Earth’s mega mountains
Dr Karl Kruszelnicki
Dr Karl Kruszelnicki
THE OCEANIC Ridge system is a near-continuous underwater range, more than 60,000km long, that winds, like a tennis-ball seam, around the Earth on the ocean floor. Up to thousands of kilometres wide, it travels through every ocean basin.
In 1855 the US Navy’s Matthew Fontaine Maury proposed its existence as a shallow “middle ground” in his then-new Atlantic Ocean chart. It was originally called the Mid-Oceanic Ridge, but later discovered to have some of its sections, such as the East Pacific Rise, not in the middle of an ocean. It was not until the 1950s, when systematic ocean floor surveys began, that the Oceanic Ridge’s existence was proved.

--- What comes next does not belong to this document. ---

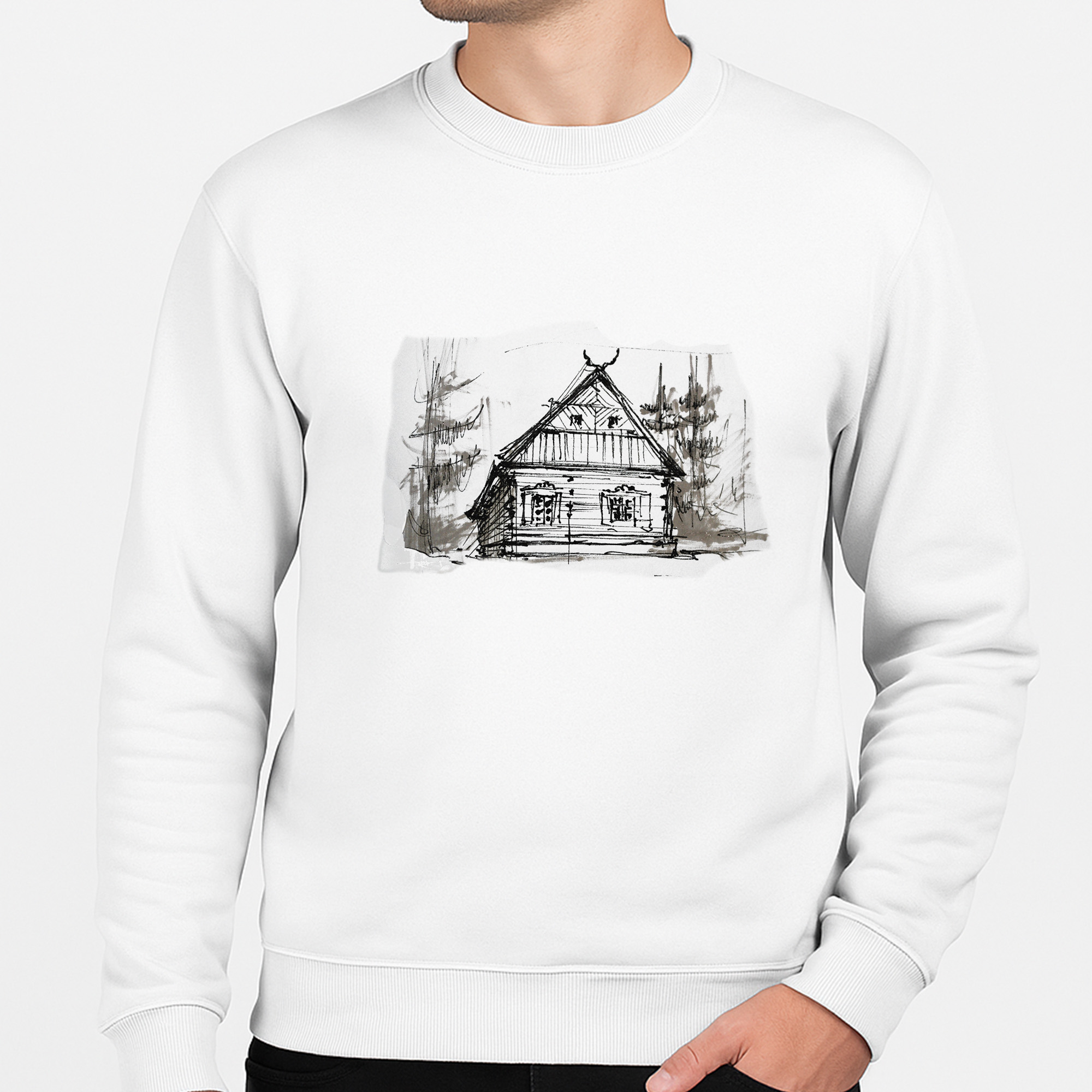 Artystyczny rysunek kurpiowskiej chaty ukazuje piękno drewnianego budownictwa i charakterystyczne śparogi zdobiące dach.

These submarine mountain ridges rise from about 5km deep, on the ocean floor, to a fairly uniform depth of about 2.6km below the surface. At various locations along the crests of these mountains are ‘spreading centres’, regions where new ocean crust is created. The crust is literally spread apart by new crust pushed up from below. The spreading rate varies from 10mm to 160mm/year.
The geography (the dip at the top) around the actual spreading centre is related to how fast the crust pulls apart. If the rate is high, as it is at the East Pacific Rise, the actual spreading centre is in a narrow and sharp dip. But a slower spreading site, such as the Mid-Atlantic Ridge, tends to sit inside a larger rift valley that can spread as wide as 20km.
The source of the new crust could be vast underground chambers of hot molten magma. In the East Pacific Rise these chambers seem to be about 2km below the ocean floor, about 1–4km across and about 2–6km thick. Across the whole planet, about 4cu.km of brand new ocean crust is formed each year.
It seems that about 20 per cent of all heat rising from the core of the Earth comes out through these spreading centres that sit on top of world’s longest (and unseen) mountain range.